CAS: GSM gateways should be allowed
2007-06-08
The Adam Smith Centre (CAS), a Polish think tank, has suggested that the telecommunications market regulations should allow the use of Fixed Cellular Terminals (FCT), or so-called GSM gateways, which enable calls from fixed-line networks to mobile ones for the same fee that is charged for calls from mobile to mobile.
This would reduce the costs of fixed-to-mobile calls, which, according to CAS, are the main reason individuals give up the fixed-line telephony. The declining number of fixed lines has been described by the CAS experts as having a detrimental effect on the economy. They also emphasise that the decrease of fixed-line networks users will result in the increase of exploitation cost per user and, eventually, in the increase of costs of services that are being provided by means of these networks such as broadband internet access.

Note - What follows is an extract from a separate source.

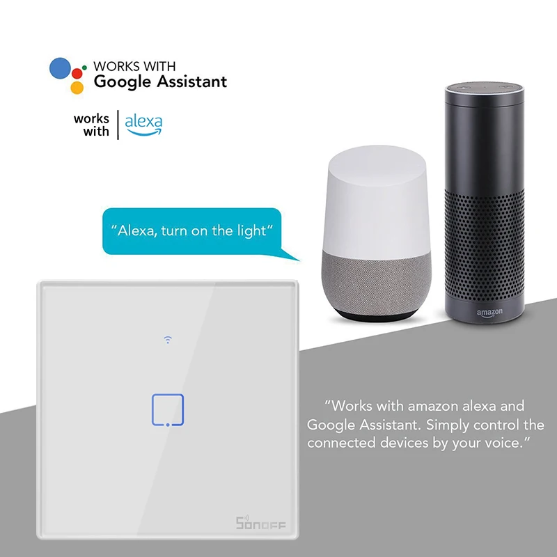 Отзывы о Умный настенный сенсорный выключатель SONOFF T1/T2/T3/T0 TX EU/UK/US 1/2/3Gang WiFi умный дом Vioce
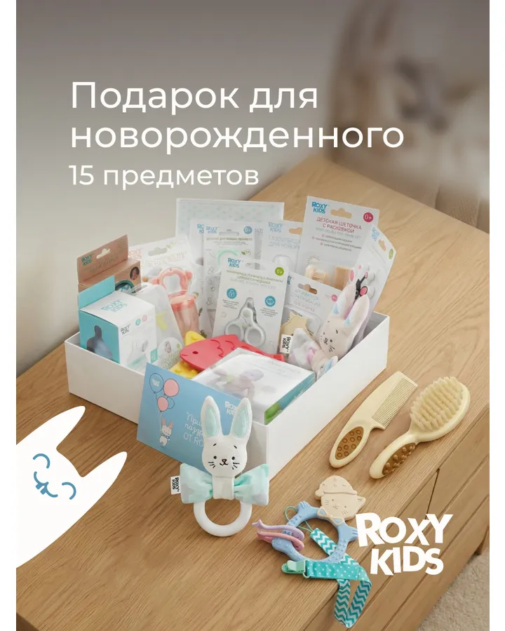 Набор для новорожденного ROXY-KIDS подарочный BUNNY BOX 15 предметов

Therefore, the CAS insists that the three-year plan of decreasing mobile termination rates revealed in April 2007 by the Office of Electronic Communications (UKE) is not sufficient to prevent this. The experts point out that the regulation is meant not to increase the competition but to replace it. They insist that the law should not allow the GSM operator to forbid the use of FCT as this would decrease the prices of fixed-to-mobile calls and reverse the downward trend of the number of fixed lines in Poland.